International News

Obama Hiroshima trip to overshadow G7 economic talks

TOKYO, (APP/AFP) – The lacklustre global economy should
take centre stage as world leaders gather in Japan this week, but with no agreement likely on igniting growth, Barack Obama’s visit to the atomic-bombed city of Hiroshima looks set to capture the limelight.
A gathering Chinese slowdown, weak oil prices and the looming threat
of Britain’s exit from the European Union will provide the backdrop for the
meeting of the Group of Seven.
Waiting in the wings for the club of rich democracies is the familiar
litany of problems: Islamist terrorism, the disintegrating states of the Middle East and Europe’s refugee crisis.
Each member of the G7 will bring their own issues and their own
solutions to the gathering at Ise-Shima, 300 kilometres (200 miles) southwest of Tokyo.

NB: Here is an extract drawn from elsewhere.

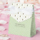 Söt grönt och vit bröllopsförmånslåda med en liten polka punkt mönster och en lattice som ser ut på hakan med färgstarka blommor. Anpassa den bruna texten på framsidan för att läsa vad du vill.
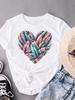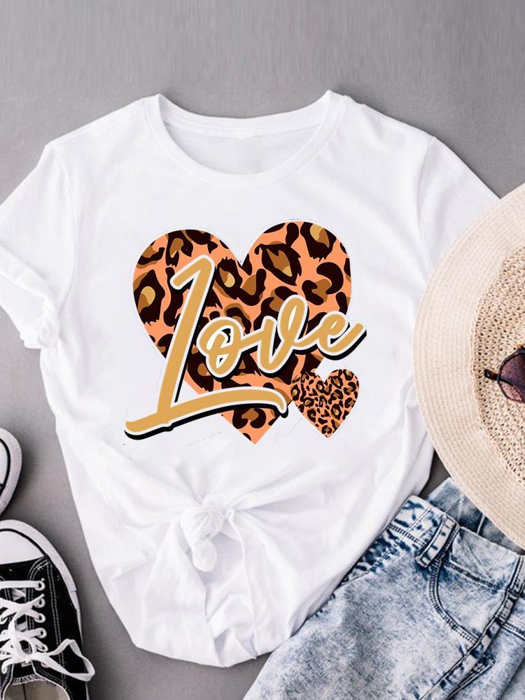 (Asian Size) Leopard Love Heart Women's Top Print O-neck Short Sleeve T-shirts Fashion Female Casual T Clothing Graphic Tee

But differences on how to breathe life into the world economy —
whether to boost spending, as favoured by hosts Japan, or to follow Germany’s prescription and cut debt — mean a unified response is unlikely to emerge.
“The reality is the global economy is weak, uncertain and
unbalanced,” said Matthew Goodman, senior adviser for Asian economics at the Center for Strategic and International Studies.
“And so that’s their really top issue… how to get growth going.”
A weekend meeting of G7 finance and central bank chiefs in Japan
could only agree that individual nations should act in their own best interest, highlighting the difficulties they face in forging policy consensus.
Japanese Prime Minister Shinzo Abe, the summit host, has struggled to
jump-start his own economy after more than three years in office.
That’s despite a kit of unconventional policy tools including
unprecedented easing and a negative interest rate that has also been tried by the European Central Bank.